И он рассказал о маленьком происшествии в коллективе, о маленькой незначительной ссоре между Джегой и одним из комсомольцев, о ссоре, в которой Джега погорячился немного больше, чем следовало, и о том, как комсомолец ушел из коллектива, хлопнув дверью и бросив Джеге презрительно:

– Аппаратчик.

Неправ парень был, понимаешь, неправ. Просто в бутылку влез по пустякам, – говорил горячо Петька. – Но тут другое важное, понимаешь, и не в парне, а в Джеге. В другое время он вернул бы парнишку и намылил бы ему шею, а тут остался он стоять, будто и не понял. Это прошло как бы мимо него. И вот это меня убило… Понимаешь, убило? Неужели Джега потерял свой волчий нюх на человека, на дело? Это, брат, не шутка. А потом под вечер ушел, не доделав дела. – Вижу – невмоготу парню. Хочет сделать, а не клеится. Ну что ты скажешь?

А у Джеги действительно не клеилось в этот день ничего. Не потому ли было так, что утром, проснувшись обрел он необычные для себя чувства и необычные мысли. Еще лежа в постели и не совсем проснувшись, ощутил он необыкновенную какую-то теплоту и разнеженность. Потягиваясь в утренней истоме, подумал лениво:

«Откуда эта сладость?»

Ответ пришел сам собой, когда, настежь распахнув ресницы, увидел бьющую в окна солнечную яркую желтизну, увидел прямо перед собой нежную юлочкину щеку, подернутую сонным румянцем, и ощутил всю ее, теплую и плотно прильнувшую к его груди.

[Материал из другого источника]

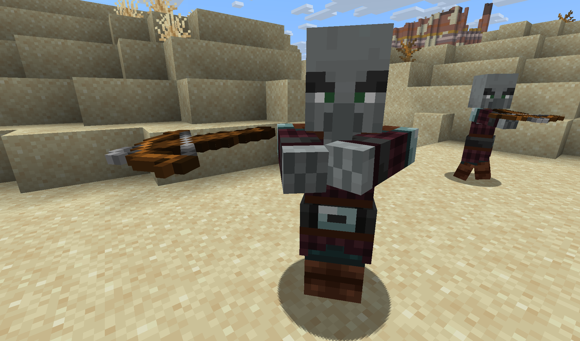 Looking at the pillagers from different angles, you can see that the crossbow is everywhere, but not in their hands.
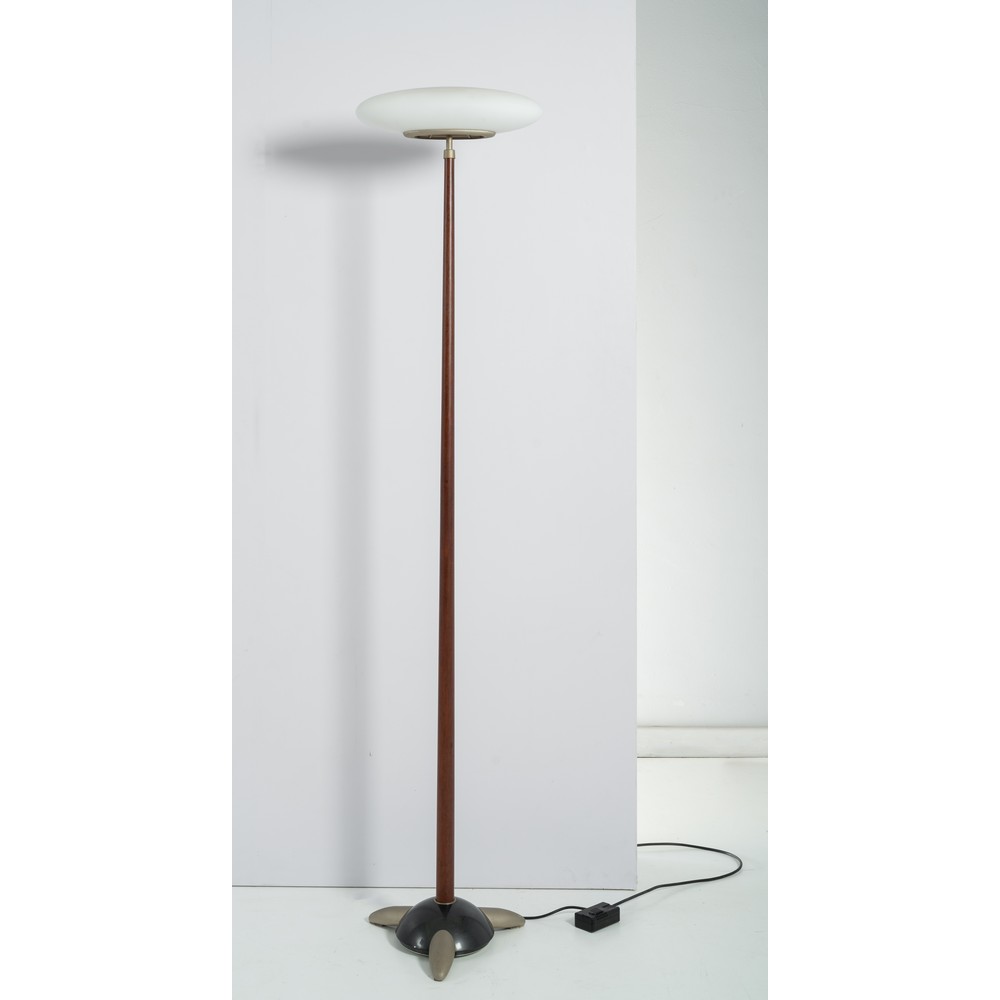 Lampada da terra ad una luce modello “Pao”, fusto in legno di ciliegio con diffusore circolare in vetro smerigliato, base in metallo verniciato. Marchio di produzione.

Смотрел, не отрываясь, на ее округлые плечи, на полуоткрытый рот и белеющую под сорочкой грудь, погладил тихо рукой волосы и потянул в себя аромат, знакомый и волнующий. Перевел глаза на голубоватую стену, уходящую к белому потолку ровной цветистой дорожкой, повел кругом по прибранному, чистому и спокойному лицу комнаты и не нашел в себе обычного раздражения. Показалась она ему приветливой и успокаивающей, а стройность и чистота стен и вещей были приятны. Закрыл глаза Джега и в ту же минуту почувствовал на губах своих нежные и горячие губы. Поднял веки, окунулся в голубую ласковую глубь.

– Вставай, вставай, лентяй, жену именинницу поздравить.

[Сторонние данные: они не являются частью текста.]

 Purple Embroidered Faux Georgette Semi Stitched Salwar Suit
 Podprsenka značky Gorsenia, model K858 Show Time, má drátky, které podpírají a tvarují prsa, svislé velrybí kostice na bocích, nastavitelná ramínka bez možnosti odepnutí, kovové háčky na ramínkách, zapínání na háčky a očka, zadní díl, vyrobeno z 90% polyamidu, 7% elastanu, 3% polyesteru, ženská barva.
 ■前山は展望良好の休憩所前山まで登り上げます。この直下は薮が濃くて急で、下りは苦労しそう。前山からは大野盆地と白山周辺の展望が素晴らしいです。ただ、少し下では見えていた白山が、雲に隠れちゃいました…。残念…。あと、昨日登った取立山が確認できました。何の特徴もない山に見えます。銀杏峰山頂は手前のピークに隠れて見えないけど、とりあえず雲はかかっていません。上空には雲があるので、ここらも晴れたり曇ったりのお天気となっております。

Вскочила на колени и, подняв руку, вся блестя радостью и молодостью, запела тихо и горячо:

 
Весенний день горяч и золот,
Весь город солнцем ослеплен.
Я – снова я, я снова молод,
Я снова счастлив и влюблен!
 

Упала к нему на грудь, розовая, смеющаяся и теплая. И этот смех, это тепло пронес Джега через весь тугой рабочий день. Не потому ли и дело в этот день как-то не клеилось? Сошел возок рабочий с колеи и пошел трясти шатко-валко по выбоинам. Под конец не выдержал Джега, бросил Петьке Чубарову ворох бумаг.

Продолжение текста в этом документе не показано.